H. Rey (Dilemma Not Trilemma : The Global Financial Cycle and Monetary Policy Independence, 2013) montre que le trilemme de Mundell n’est pas validé, car le choix des changes flottants ne permet pas de s’isoler de la politique monétaire des autres pays, en particulier celle des États-Unis. Il y a surtout un choix à faire entre libre-circulation des capitaux et autonomie de la politique monétaire.

3.1.3.2 Une non-coordination plutôt qu’une guerre des monnaies

En pratique, les politiques monétaires expansionnistes des banques centrales occidentales ont eu pour effet des flux de capitaux vers les pays émergents et une appréciation de leur monnaie. C’est pourquoi le thème de « guerre des monnaies » a émergé dans les années 2010 (Guido Mantega, Ministre des Finances brésilien, 2010).

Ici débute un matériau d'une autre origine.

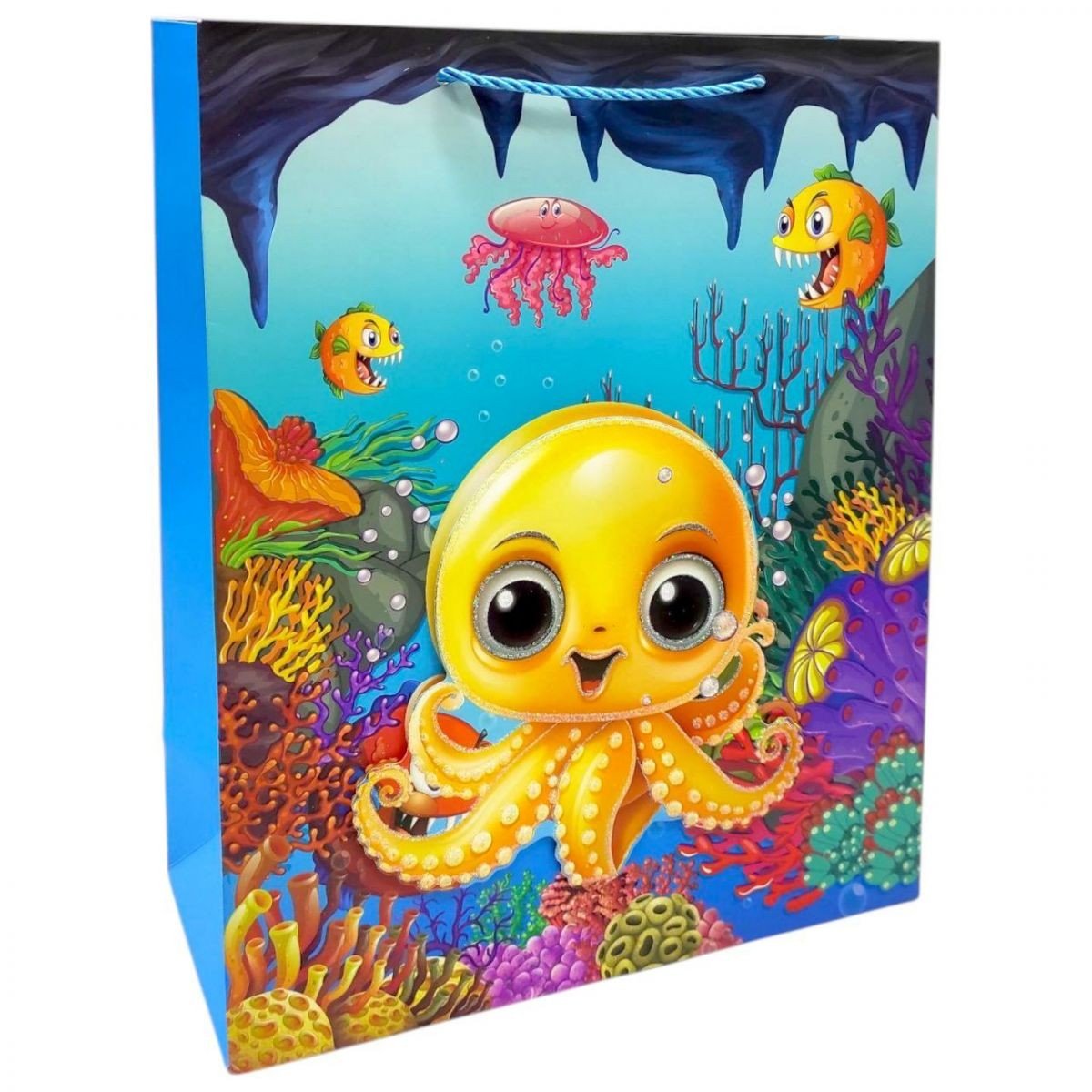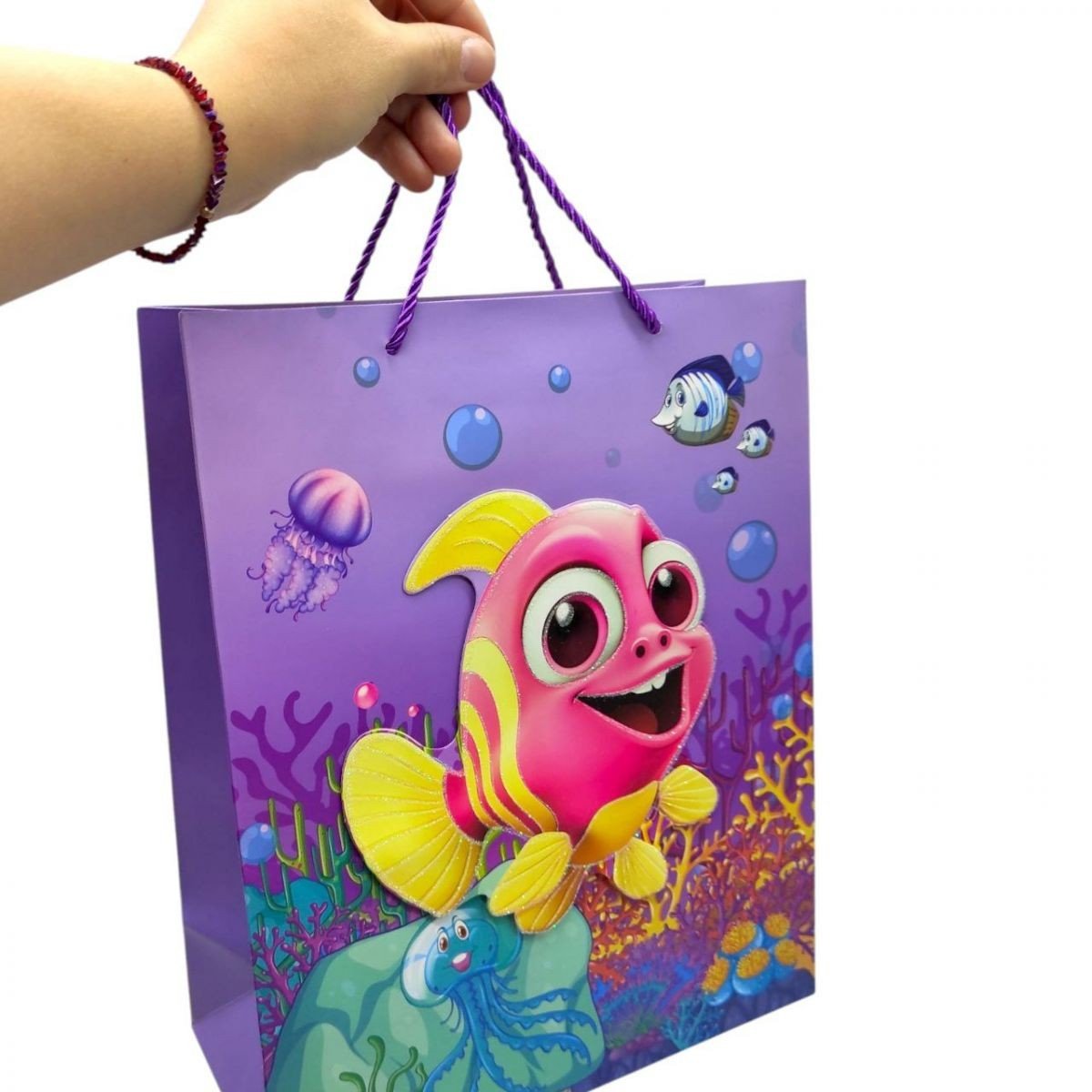 Яскравий подарунковий пакунок буде хорошим доповненням до основного подарунку та створить незабутній настрій свята. Пакет картонний, досить великого розміру: 32х26х12 см. Прикрашений красивим принтом. Має зручні та досить міцні ручки-мотузочки. Зробіть свій подарунок неперевершеним із цим чудовим пакетом.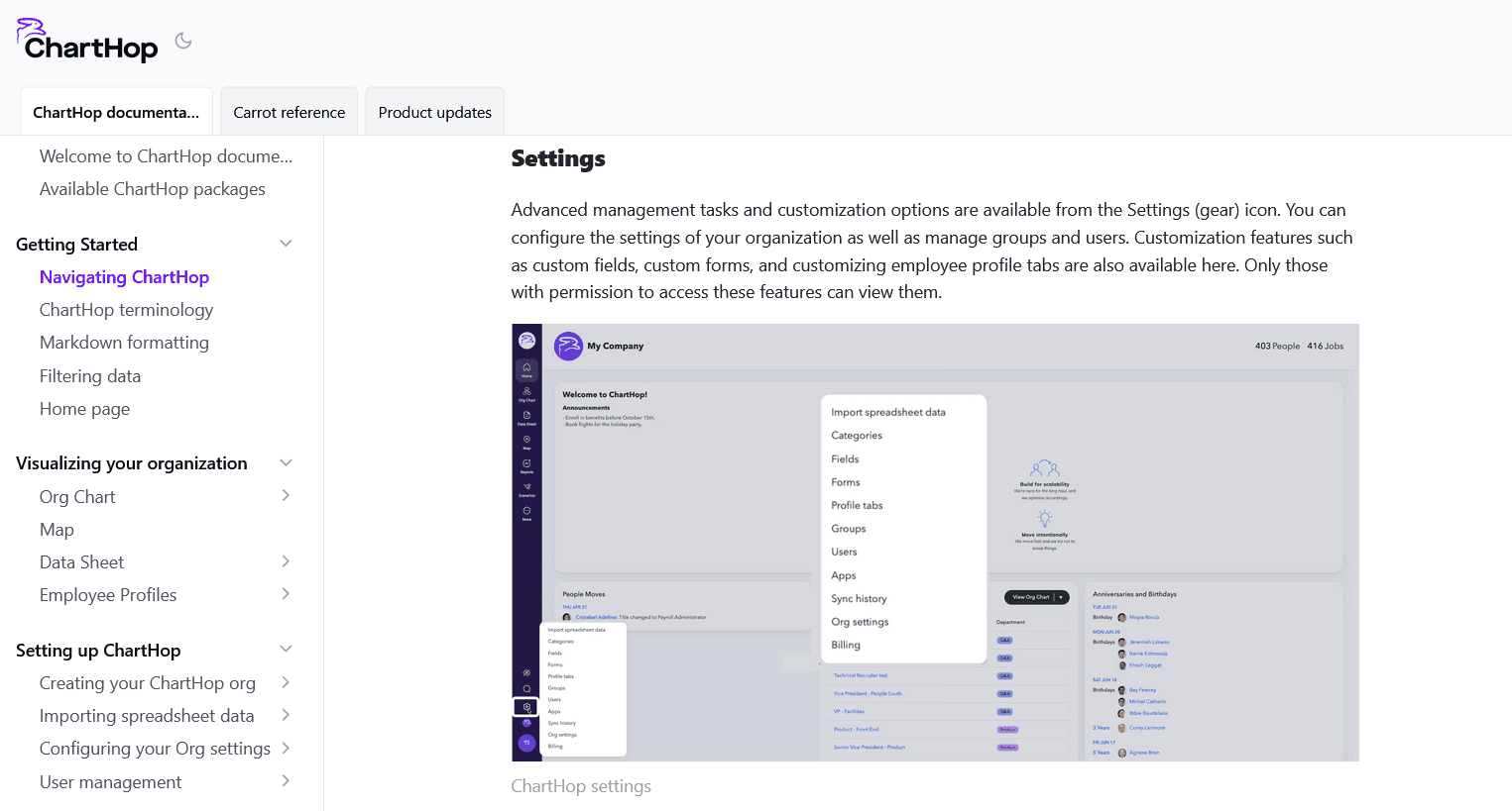 When a technical writer creates documentation like ChartHop’s, you can see again below, they do it for an audience with a certain level of technical knowledge.

On reproche par exemple aux États-Unis de dévaluer leur monnaie afin de retrouver leur compétitivité.

Or, les politiques monétaires expansionnistes des pays occidentaux sont avant tout la conséquence de la lutte contre la déflation, et la recherche de la croissance économique. Néanmoins, les pays émergents doivent réagir en conséquence, c’est en sens que le yuan a été dévalué en 2015. Rajan (2014) met en évidence que l’afflux de capitaux dans les pays émergents conduit à un endettement excessif, ce qui est déstabilisant financièrement pour ces pays.

Le concept de guerre des monnaies fait écho à celui de guerre commerciale. Cependant, il n’est pas bien établi par la politique économique : en pratique, les changes réagissent différemment aux chocs, ce qui peut donner l’illusion d’une guerre des monnaies.

3.1.3.3 Dollar et croissance des pays émergents

P. Druck et al. (2015) ont montré que les cycles d’appréciation du dollar tendent à réduire la croissance du PIB réel des pays émergents, alors que les cycles de dépréciation tendent à la stimuler. Les auteurs estiment que les prix des matières premières constituent le principal canal de transmission : comme le dollar s’apprécie, le prix des matières premières chutent ; la chute du prix des actifs déprime la demande domestique des pays en développement, et réduit le revenu réel. Cet effet de revenu associé à l’appréciation du dollar compense tout effet bénéfique de la dépréciation de la devise domestique. Cet effet est symétrique.